- Your assignment: Word for word, restate the lines of the listing below from the line with "This Dumbbell Business" through the line with "كما زعمت وزيرة", and do not include the pictures.

- Data section:

···

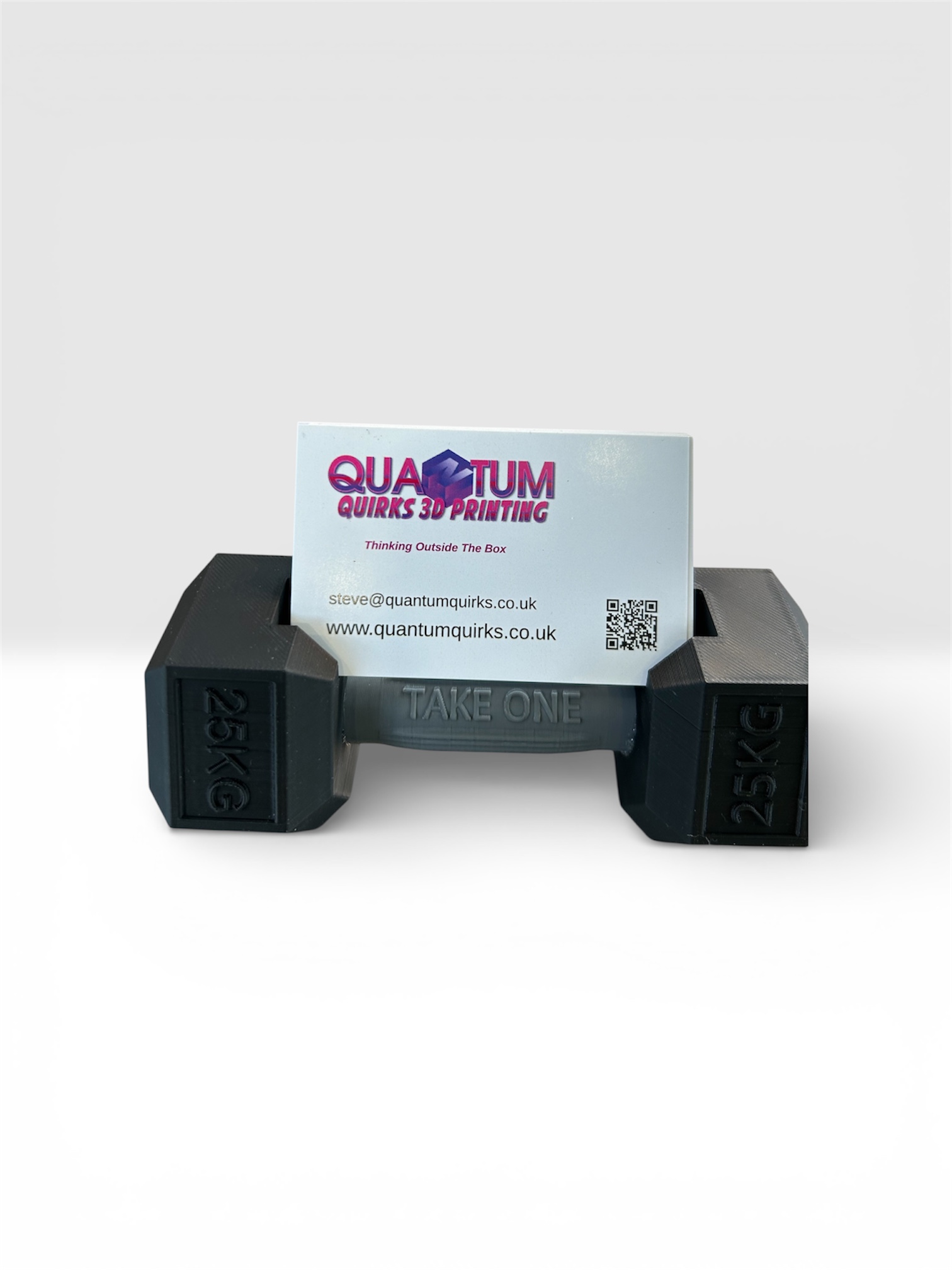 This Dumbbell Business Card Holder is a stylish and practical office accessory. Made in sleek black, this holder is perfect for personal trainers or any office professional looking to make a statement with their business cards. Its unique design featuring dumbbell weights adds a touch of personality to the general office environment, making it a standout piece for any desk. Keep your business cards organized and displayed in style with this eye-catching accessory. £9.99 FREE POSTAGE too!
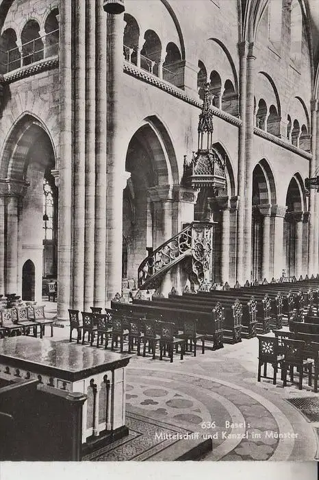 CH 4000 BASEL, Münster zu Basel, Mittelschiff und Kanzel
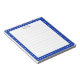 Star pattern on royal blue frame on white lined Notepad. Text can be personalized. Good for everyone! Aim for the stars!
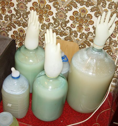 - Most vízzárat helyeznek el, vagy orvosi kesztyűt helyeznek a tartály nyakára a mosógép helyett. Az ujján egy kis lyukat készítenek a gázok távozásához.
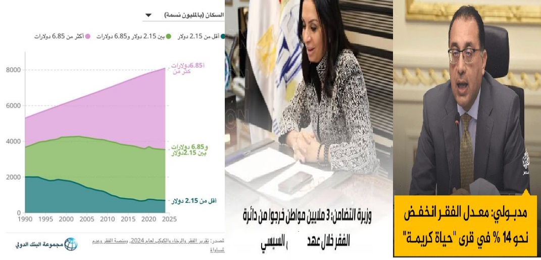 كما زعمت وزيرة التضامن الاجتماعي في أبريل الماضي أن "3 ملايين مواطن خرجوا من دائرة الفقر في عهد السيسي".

···

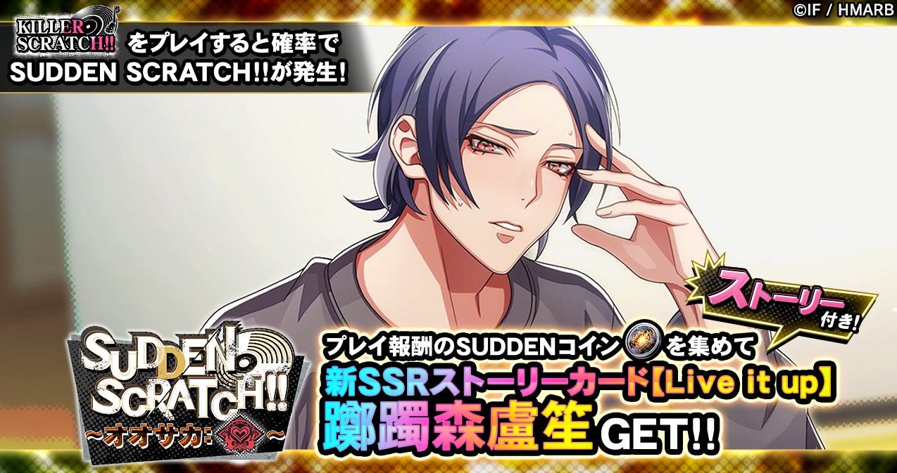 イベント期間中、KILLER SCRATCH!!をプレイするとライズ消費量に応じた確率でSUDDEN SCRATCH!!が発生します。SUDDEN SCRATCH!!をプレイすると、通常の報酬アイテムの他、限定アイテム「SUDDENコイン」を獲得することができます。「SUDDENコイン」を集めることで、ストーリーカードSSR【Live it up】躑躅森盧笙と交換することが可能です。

···

- Result for this task:
 This Dumbbell Business Card Holder is a stylish and practical office accessory. Made in sleek black, this holder is perfect for personal trainers or any office professional looking to make a statement with their business cards. Its unique design featuring dumbbell weights adds a touch of personality to the general office environment, making it a standout piece for any desk. Keep your business cards organized and displayed in style with this eye-catching accessory. £9.99 FREE POSTAGE too!
 CH 4000 BASEL, Münster zu Basel, Mittelschiff und Kanzel
 Star pattern on royal blue frame on white lined Notepad. Text can be personalized. Good for everyone! Aim for the stars!
 - Most vízzárat helyeznek el, vagy orvosi kesztyűt helyeznek a tartály nyakára a mosógép helyett. Az ujján egy kis lyukat készítenek a gázok távozásához.
 كما زعمت وزيرة التضامن الاجتماعي في أبريل الماضي أن "3 ملايين مواطن خرجوا من دائرة الفقر في عهد السيسي".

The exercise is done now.